From the entries below, print exactly the span beginning with the line holding "Recettes allégées en" and ending with the line holding "Portrait par Frans", endpoints included, and skip any pictures.

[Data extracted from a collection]
┄┄┄┄┄┄┄┄┄┄
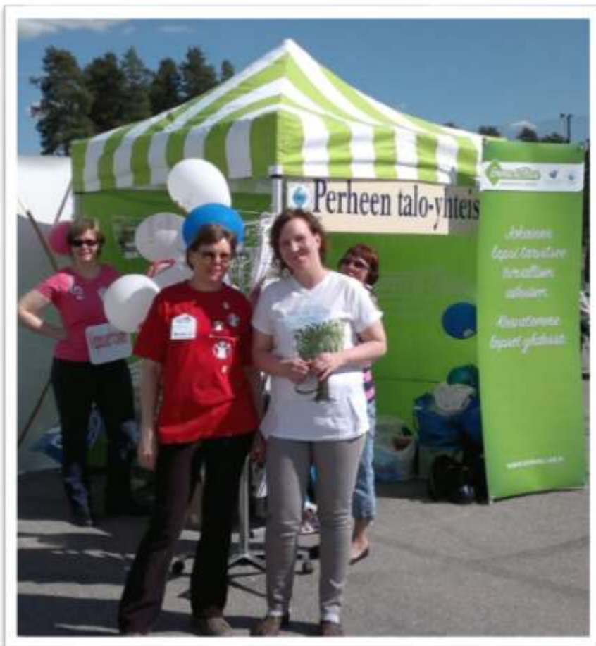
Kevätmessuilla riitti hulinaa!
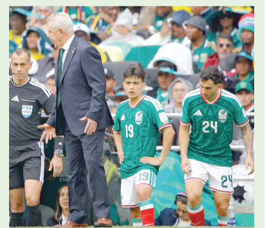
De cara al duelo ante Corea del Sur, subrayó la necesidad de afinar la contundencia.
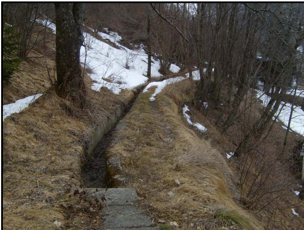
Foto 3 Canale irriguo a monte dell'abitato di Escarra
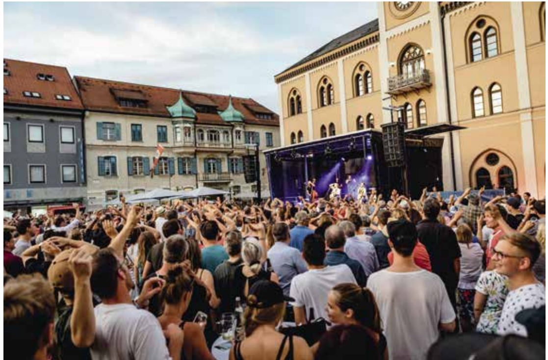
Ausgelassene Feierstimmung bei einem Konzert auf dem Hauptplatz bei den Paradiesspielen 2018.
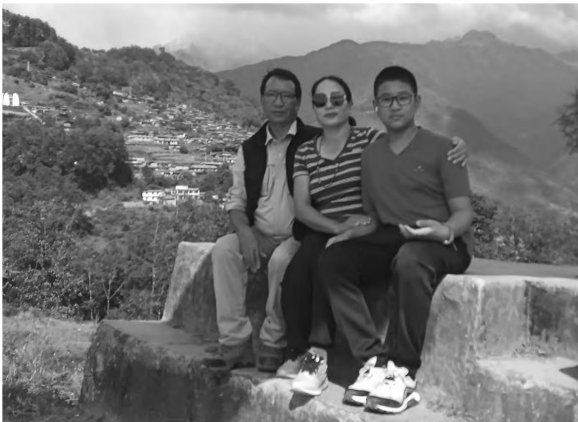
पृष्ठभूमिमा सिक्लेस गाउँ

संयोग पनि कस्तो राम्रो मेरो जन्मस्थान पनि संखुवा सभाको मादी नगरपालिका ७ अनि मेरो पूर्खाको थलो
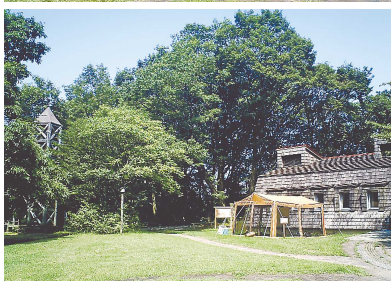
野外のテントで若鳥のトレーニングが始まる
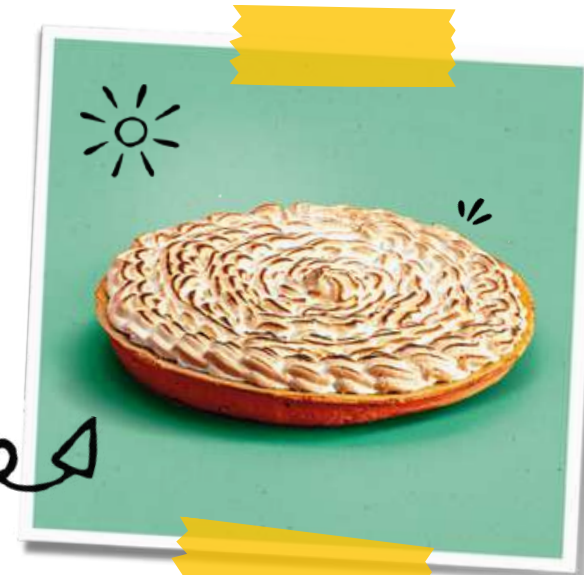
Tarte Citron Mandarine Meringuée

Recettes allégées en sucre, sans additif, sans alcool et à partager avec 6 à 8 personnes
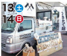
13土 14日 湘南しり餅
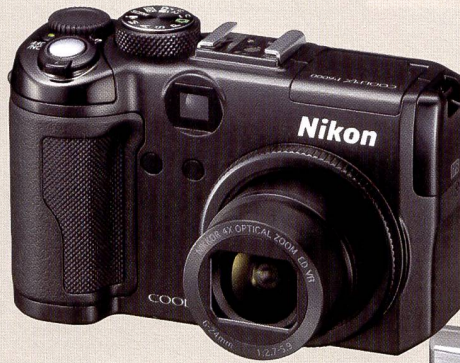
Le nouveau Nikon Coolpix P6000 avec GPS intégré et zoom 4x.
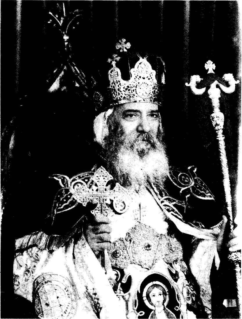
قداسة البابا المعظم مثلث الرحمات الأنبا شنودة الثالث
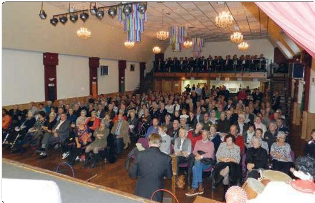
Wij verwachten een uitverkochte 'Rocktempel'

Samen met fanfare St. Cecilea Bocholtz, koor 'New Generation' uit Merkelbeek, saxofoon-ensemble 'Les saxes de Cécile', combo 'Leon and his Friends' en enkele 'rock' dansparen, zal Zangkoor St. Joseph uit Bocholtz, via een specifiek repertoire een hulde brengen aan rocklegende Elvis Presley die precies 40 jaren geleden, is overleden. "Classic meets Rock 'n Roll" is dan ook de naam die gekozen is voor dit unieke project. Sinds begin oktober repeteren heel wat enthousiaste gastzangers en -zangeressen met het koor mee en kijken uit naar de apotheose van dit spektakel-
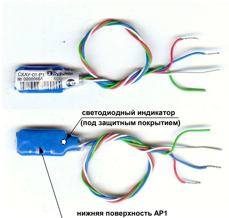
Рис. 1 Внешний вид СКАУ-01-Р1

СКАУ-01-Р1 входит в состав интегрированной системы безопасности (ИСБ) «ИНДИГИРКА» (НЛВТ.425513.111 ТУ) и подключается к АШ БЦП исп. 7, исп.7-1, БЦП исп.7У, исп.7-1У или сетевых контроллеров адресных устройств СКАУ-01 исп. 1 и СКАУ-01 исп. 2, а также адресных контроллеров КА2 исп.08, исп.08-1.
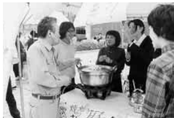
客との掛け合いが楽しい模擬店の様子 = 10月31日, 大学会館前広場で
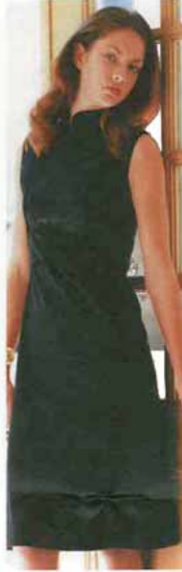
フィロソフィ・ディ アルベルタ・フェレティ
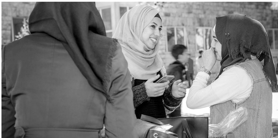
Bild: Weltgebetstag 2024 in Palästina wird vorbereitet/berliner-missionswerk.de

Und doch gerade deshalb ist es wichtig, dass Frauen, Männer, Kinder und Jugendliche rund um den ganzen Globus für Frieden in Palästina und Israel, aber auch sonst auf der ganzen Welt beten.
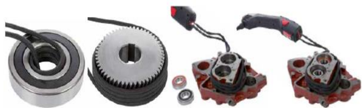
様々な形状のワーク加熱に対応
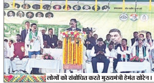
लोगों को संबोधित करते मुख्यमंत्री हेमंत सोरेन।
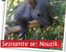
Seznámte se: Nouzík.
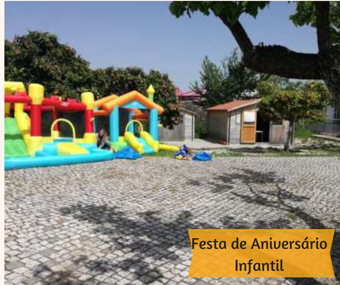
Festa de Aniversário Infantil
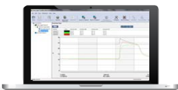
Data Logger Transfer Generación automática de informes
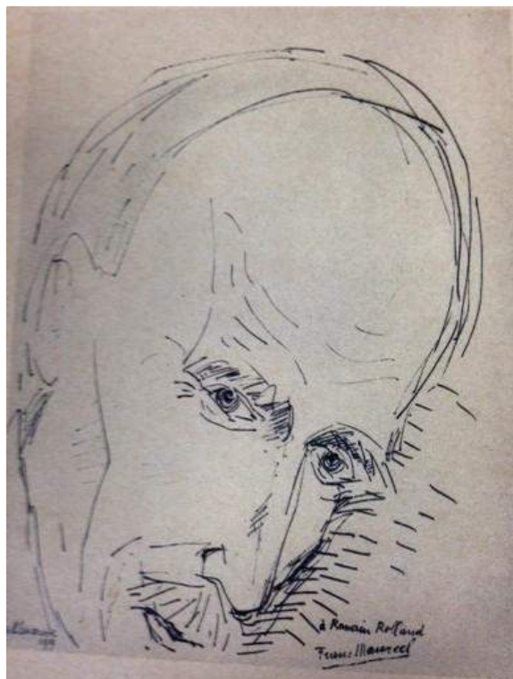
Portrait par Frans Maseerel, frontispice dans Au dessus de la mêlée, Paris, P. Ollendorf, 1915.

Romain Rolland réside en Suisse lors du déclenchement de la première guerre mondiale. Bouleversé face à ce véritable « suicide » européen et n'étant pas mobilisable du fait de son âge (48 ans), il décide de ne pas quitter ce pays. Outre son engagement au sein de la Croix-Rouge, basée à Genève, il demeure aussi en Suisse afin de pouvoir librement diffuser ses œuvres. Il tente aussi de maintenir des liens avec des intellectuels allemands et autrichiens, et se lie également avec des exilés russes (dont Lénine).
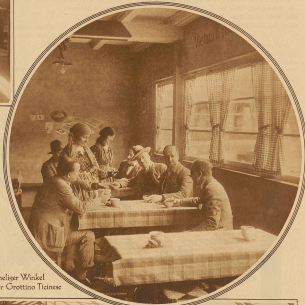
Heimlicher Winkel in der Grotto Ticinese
┄┄┄┄┄┄┄┄┄┄
FINISHED EXERCISE:
Recettes allégées en sucre, sans additif, sans alcool et à partager avec 6 à 8 personnes
13土 14日 湘南しり餅
Le nouveau Nikon Coolpix P6000 avec GPS intégré et zoom 4x.
قداسة البابا المعظم مثلث الرحمات الأنبا شنودة الثالث
Wij verwachten een uitverkochte 'Rocktempel'

Samen met fanfare St. Cecilea Bocholtz, koor 'New Generation' uit Merkelbeek, saxofoon-ensemble 'Les saxes de Cécile', combo 'Leon and his Friends' en enkele 'rock' dansparen, zal Zangkoor St. Joseph uit Bocholtz, via een specifiek repertoire een hulde brengen aan rocklegende Elvis Presley die precies 40 jaren geleden, is overleden. "Classic meets Rock 'n Roll" is dan ook de naam die gekozen is voor dit unieke project. Sinds begin oktober repeteren heel wat enthousiaste gastzangers en -zangeressen met het koor mee en kijken uit naar de apotheose van dit spektakel-
Рис. 1 Внешний вид СКАУ-01-Р1

СКАУ-01-Р1 входит в состав интегрированной системы безопасности (ИСБ) «ИНДИГИРКА» (НЛВТ.425513.111 ТУ) и подключается к АШ БЦП исп. 7, исп.7-1, БЦП исп.7У, исп.7-1У или сетевых контроллеров адресных устройств СКАУ-01 исп. 1 и СКАУ-01 исп. 2, а также адресных контроллеров КА2 исп.08, исп.08-1.
客との掛け合いが楽しい模擬店の様子 = 10月31日, 大学会館前広場で
フィロソフィ・ディ アルベルタ・フェレティ
Bild: Weltgebetstag 2024 in Palästina wird vorbereitet/berliner-missionswerk.de

Und doch gerade deshalb ist es wichtig, dass Frauen, Männer, Kinder und Jugendliche rund um den ganzen Globus für Frieden in Palästina und Israel, aber auch sonst auf der ganzen Welt beten.
様々な形状のワーク加熱に対応
लोगों को संबोधित करते मुख्यमंत्री हेमंत सोरेन।
Seznámte se: Nouzík.
Festa de Aniversário Infantil
Data Logger Transfer Generación automática de informes
Portrait par Frans Maseerel, frontispice dans Au dessus de la mêlée, Paris, P. Ollendorf, 1915.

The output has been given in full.